The abstract states that LoKA Probe 'quantifies per-layer errors' but does not define the error metric (e.g., relative L2, maximum absolute deviation) or the acceptance threshold used to classify sites as safe.
Clarify how 'fast and slow sites' are distinguished during profiling and whether this classification incorporates both arithmetic throughput and communication costs.

Simulated Author's Rebuttal

2 responses · 0 unresolved

We thank the referee for the constructive comments on validation gaps in LoKA Probe and the need for evidence under full training dynamics. We agree these points require strengthening and will revise the manuscript with additional end-to-end experiments and long-horizon analysis while preserving the core co-design contributions.

read point-by-point responses

Referee: [LoKA Probe description] The central claim that LoKA Probe correctly identifies all safe FP8 sites rests on per-layer statistical benchmarking, yet the description supplies no validation that isolated per-layer error bounds translate to stable end-to-end model quality; cumulative propagation through the embedding-to-logit path and SGD-induced distribution shifts are unaddressed.

Authors: We appreciate this observation. LoKA Probe employs conservative per-layer error quantification under realistic activation distributions precisely to bound potential propagation effects, and its online profiling is meant to track SGD-induced shifts. However, the manuscript does not include explicit end-to-end validation showing that per-layer decisions preserve full-model quality across the embedding-to-logit path. In revision we will add full-training experiments comparing LoKA-enabled models against FP16 baselines, with measurements of cumulative error and quality metrics at multiple training checkpoints. revision: yes
Referee: [LoKA Mods and LoKA Dispatch] LoKA Mods and Dispatch presuppose that profiled sites remain safe throughout full training runs, but no experiments or analysis demonstrate that the adaptations prevent quality loss under realistic LRM training dynamics (e.g., long-horizon SGD with inter-layer normalization dependencies).

Authors: This is a fair critique.
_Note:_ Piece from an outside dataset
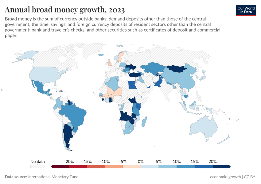 “Data Page: Annual broad money growth”. Our World in Data (2025). Data adapted from International Monetary Fund. Retrieved from https://remove-datapage-tags.owid.pages.dev/grapher/annual-broad-money-growth [online resource]How to cite this data
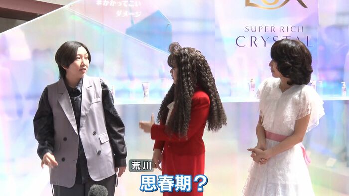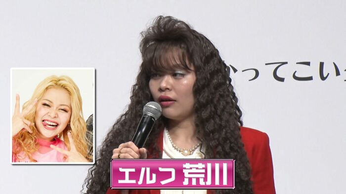 いつもはギャルファッションで登場するエルフの荒川さんですが、この日はバブリーヘアで登場しました。

While LoKA Mods are designed to improve numerical stability for normalization-heavy small GEMMs and Dispatch enforces accuracy constraints at runtime, the current text lacks dedicated long-horizon experiments. We will incorporate ablation studies and training curves over extended SGD runs that explicitly track inter-layer normalization dependencies and demonstrate that the combined adaptations maintain model quality without degradation. revision: yes

Circularity Check

0 steps flagged

No circularity: LoKA relies on empirical profiling and co-design without self-referential derivations

full rationale

The paper describes a practical systems framework consisting of LoKA Probe for statistical online benchmarking of activation/weight distributions and per-layer errors, LoKA Mods for model adaptations to improve FP8 stability, and LoKA Dispatch for runtime kernel selection. No equations, uniqueness theorems, or fitted parameters are presented that reduce the central claims to their own inputs by construction. The approach is grounded in external empirical measurements and hardware co-design rather than self-definition or self-citation chains, rendering the derivation chain self-contained.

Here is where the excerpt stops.